■ STUDY MATERIAL:
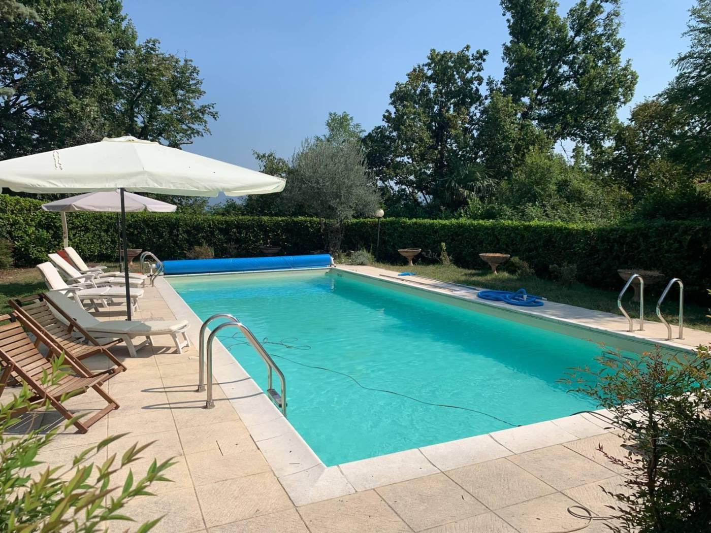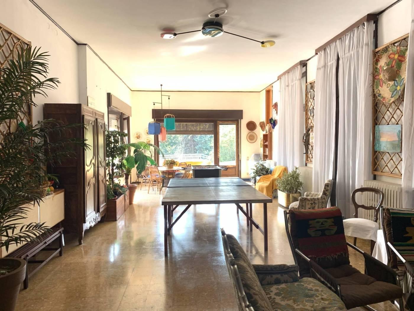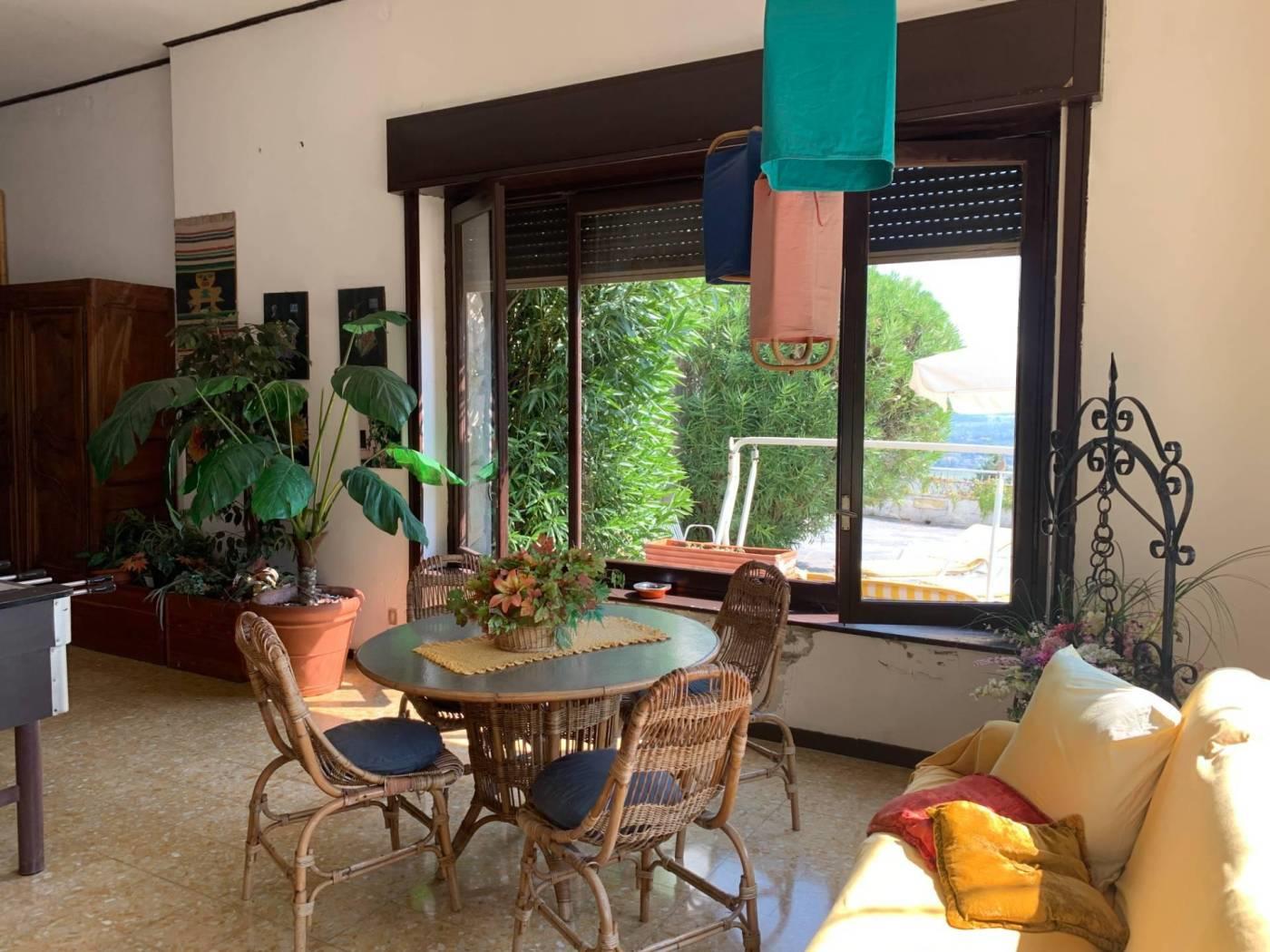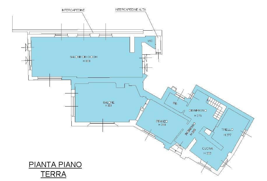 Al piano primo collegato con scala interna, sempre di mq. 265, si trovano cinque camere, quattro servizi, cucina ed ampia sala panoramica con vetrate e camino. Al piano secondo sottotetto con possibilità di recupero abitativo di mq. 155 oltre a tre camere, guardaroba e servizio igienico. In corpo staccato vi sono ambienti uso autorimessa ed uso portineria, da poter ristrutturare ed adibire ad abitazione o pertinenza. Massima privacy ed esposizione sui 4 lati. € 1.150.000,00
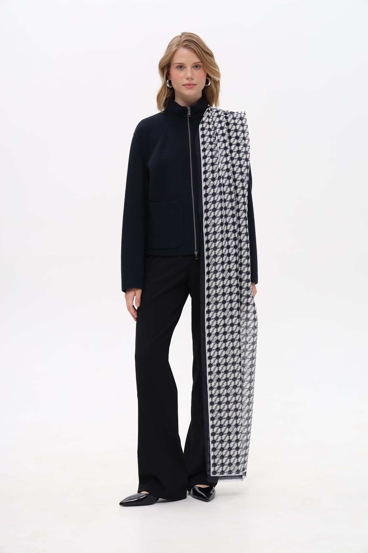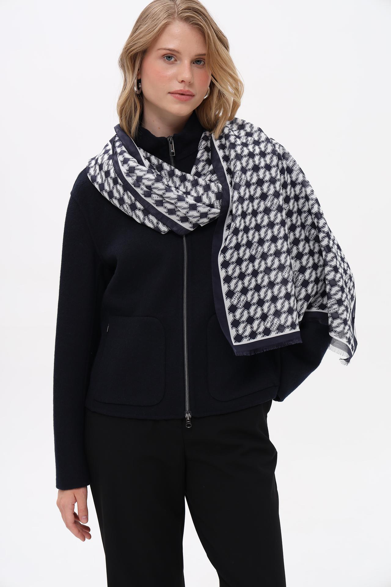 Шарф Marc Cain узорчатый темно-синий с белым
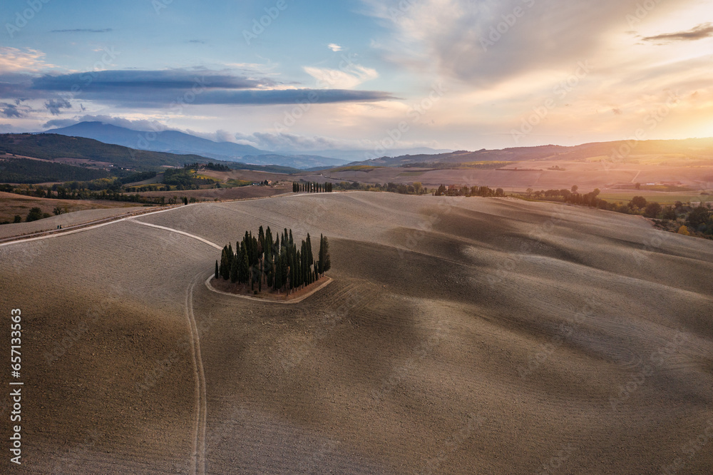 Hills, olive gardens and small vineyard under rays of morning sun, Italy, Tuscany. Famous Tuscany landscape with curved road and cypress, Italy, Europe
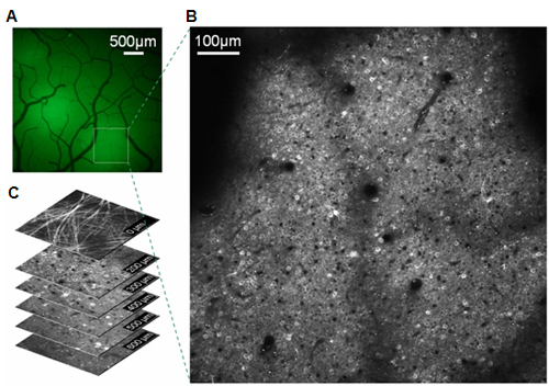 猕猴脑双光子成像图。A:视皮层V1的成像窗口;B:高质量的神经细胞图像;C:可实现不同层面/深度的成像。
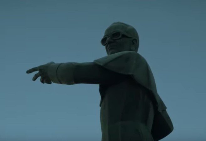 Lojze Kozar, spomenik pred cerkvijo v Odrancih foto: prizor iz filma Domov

■ WHAT YOU WILL DO:
Set the records down again exactly, with no pictures.

■ TASK OUTPUT:
 Al piano primo collegato con scala interna, sempre di mq. 265, si trovano cinque camere, quattro servizi, cucina ed ampia sala panoramica con vetrate e camino. Al piano secondo sottotetto con possibilità di recupero abitativo di mq. 155 oltre a tre camere, guardaroba e servizio igienico. In corpo staccato vi sono ambienti uso autorimessa ed uso portineria, da poter ristrutturare ed adibire ad abitazione o pertinenza. Massima privacy ed esposizione sui 4 lati. € 1.150.000,00
 Шарф Marc Cain узорчатый темно-синий с белым
 Hills, olive gardens and small vineyard under rays of morning sun, Italy, Tuscany. Famous Tuscany landscape with curved road and cypress, Italy, Europe
 猕猴脑双光子成像图。A:视皮层V1的成像窗口;B:高质量的神经细胞图像;C:可实现不同层面/深度的成像。
 Lojze Kozar, spomenik pred cerkvijo v Odrancih foto: prizor iz filma Domov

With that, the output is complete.